Below are several entries. Transcribe exactly those lines that fall from the one with "2 stylos kawaï thème Minecraft" through the one with "Simulation designs of", end lines included.

_INPUT MATERIAL_:
___
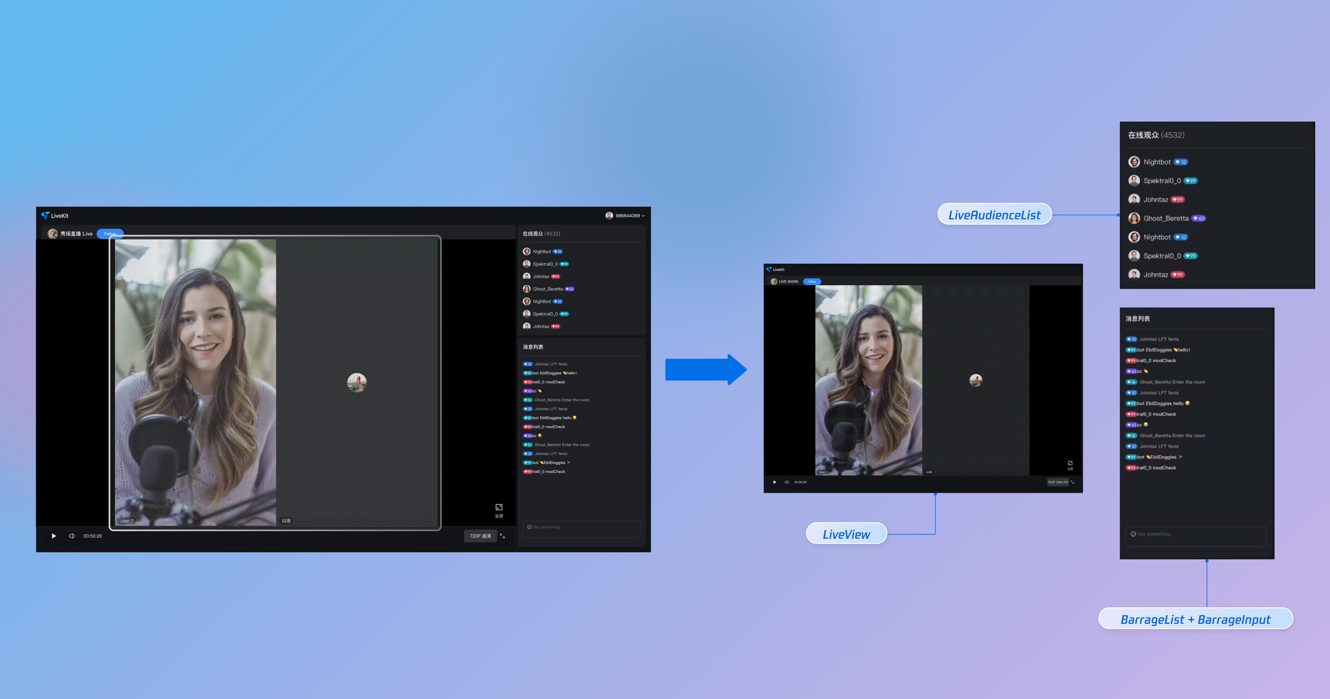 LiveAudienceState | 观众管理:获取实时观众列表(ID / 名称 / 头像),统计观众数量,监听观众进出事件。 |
___
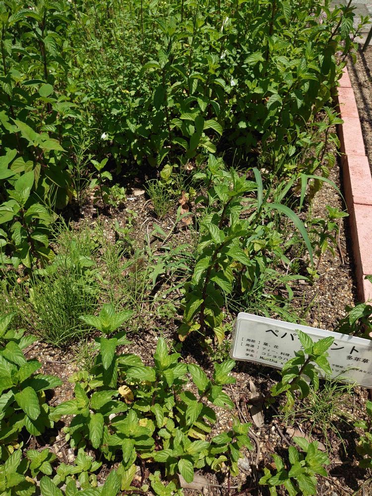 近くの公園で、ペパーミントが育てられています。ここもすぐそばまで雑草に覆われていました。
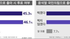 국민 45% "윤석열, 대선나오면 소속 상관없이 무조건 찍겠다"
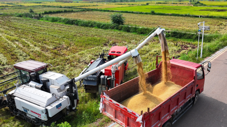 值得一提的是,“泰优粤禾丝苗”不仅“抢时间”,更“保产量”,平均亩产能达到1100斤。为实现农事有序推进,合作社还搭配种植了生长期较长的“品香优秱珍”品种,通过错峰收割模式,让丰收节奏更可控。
___
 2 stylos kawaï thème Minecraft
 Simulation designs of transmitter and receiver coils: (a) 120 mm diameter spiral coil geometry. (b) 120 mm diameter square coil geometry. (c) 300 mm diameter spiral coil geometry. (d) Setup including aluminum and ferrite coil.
___
_RESPONSE TO THIS EXERCISE_:
 2 stylos kawaï thème Minecraft
 Simulation designs of transmitter and receiver coils: (a) 120 mm diameter spiral coil geometry. (b) 120 mm diameter square coil geometry. (c) 300 mm diameter spiral coil geometry. (d) Setup including aluminum and ferrite coil.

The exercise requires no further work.